Proceedings of 6th International Conference on Hybrid and Organic Photovoltaics (HOPV14)
Publication date: 1st March 2014
Dye-sensitized solar cells (DSCs) consist of a mesoporous titania layer that is sensitized with a dye, and an electrolyte. Both are sandwiched between two conducting glass slides. The key for the understanding of these devices lies in the interfacial processes. The surface modification of the titania causes changes in its material properties like e.g. the conduction band level. Hence, in order to investigate the interfacial processes the corresponding material combinations have to be tested under operating conditions. Impedance spectroscopy is the method of choice for this task. For interpretation and fitting of the spectra the device is described using an electrical equivalent circuit. The material parameters can then be simply extracted or calculated from the fit to the recorded spectrum.

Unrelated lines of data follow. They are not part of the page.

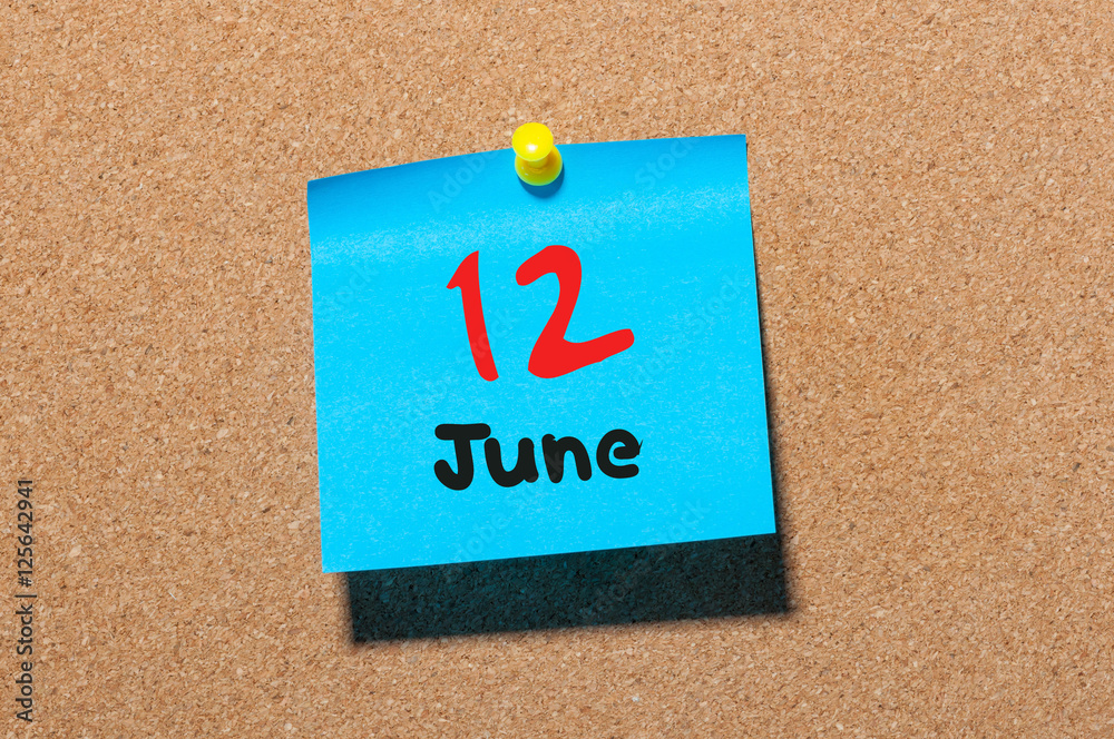 June 12th. Day 12 of month, color sticker calendar on notice board
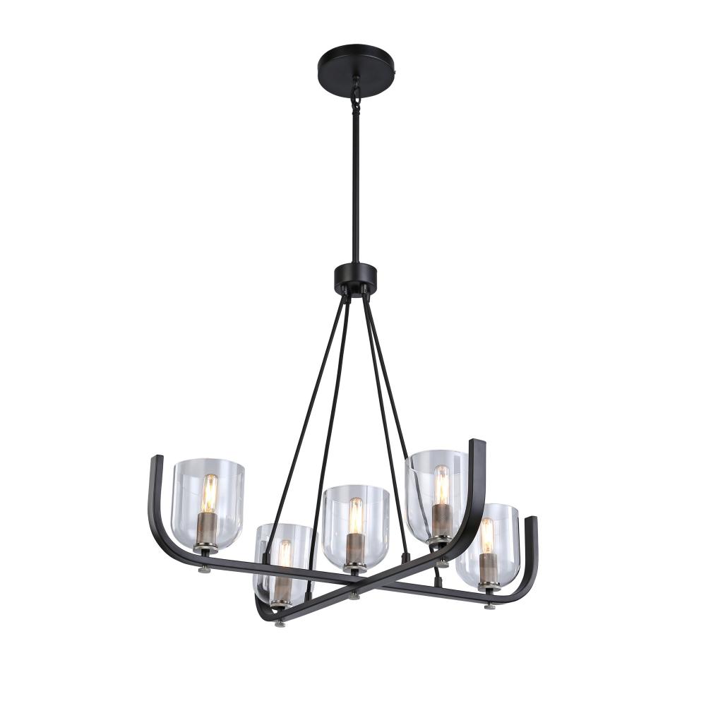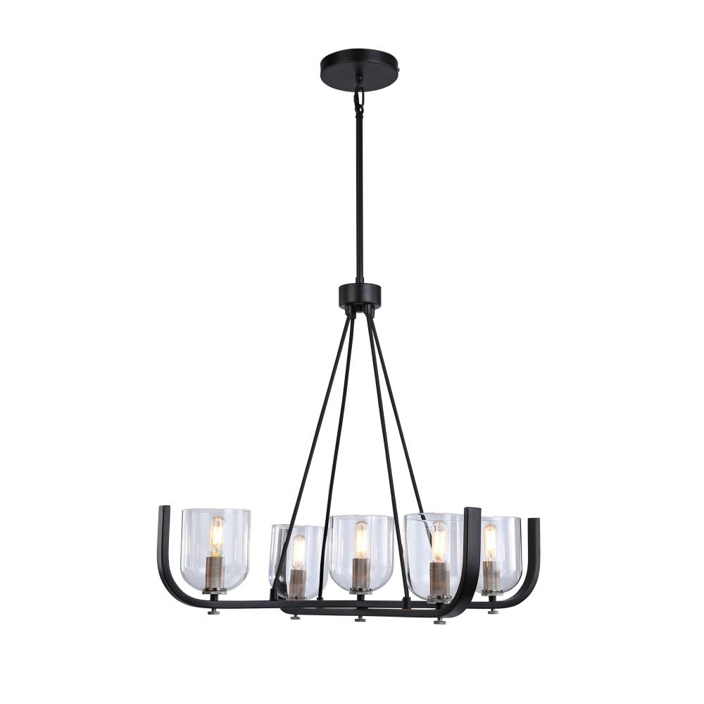 The Cheshire Collection is a spectacular grouping of chandeliers designed by Kevin Kraemer. The frames are black and complemented with nickel. There is fine attention to all the details from the frame shape matching the curves in the glass to the exquisite knural parts on the candle covers and knobs. (Also available in black with brass accents). 5 light chandelier
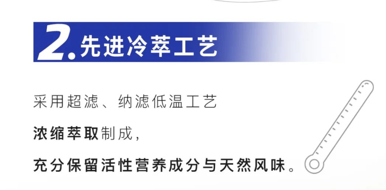 其中,“冷萃”指的是这款产品采用的超滤、纳滤低温浓缩萃取,能保留更好的风味;“厚”指的是乳制品乳蛋白含量较高,达到6%,比常规牛乳高出一倍,使得奶香味更加浓郁。
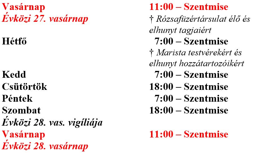 A miserend az alábbiak szerint alakul az október 5. – október 12. közötti időszakban a karcagi Szent István király-templomban.

We applied impedance spectroscopy for the investigation of complete DSCs with the carotenoid sensitizers bixin, crocetin and torularhodin (see Fig. 1). Furthermore, we tested counter electrodes alone by using dummy cells that contained a second counter electrode instead of the photo anode. We could resolve that the difference in conversion efficiency between DSCs with the different carotenoid sensitizers are only partially explained by conduction band shifts. The main difference was found to be the electron injection efficiency from the dye to the titania. EIS on the counter electrodes showed that the stability of the cell does not only depend on the sensitized interface but also on the counter electrode and the electrolyte species.
Figure 1: Structures of the organic sensitizers with the impedance spectra of the corresponding DSCs. The spectra were fitted with an equivalent circuit based on a transmission line model.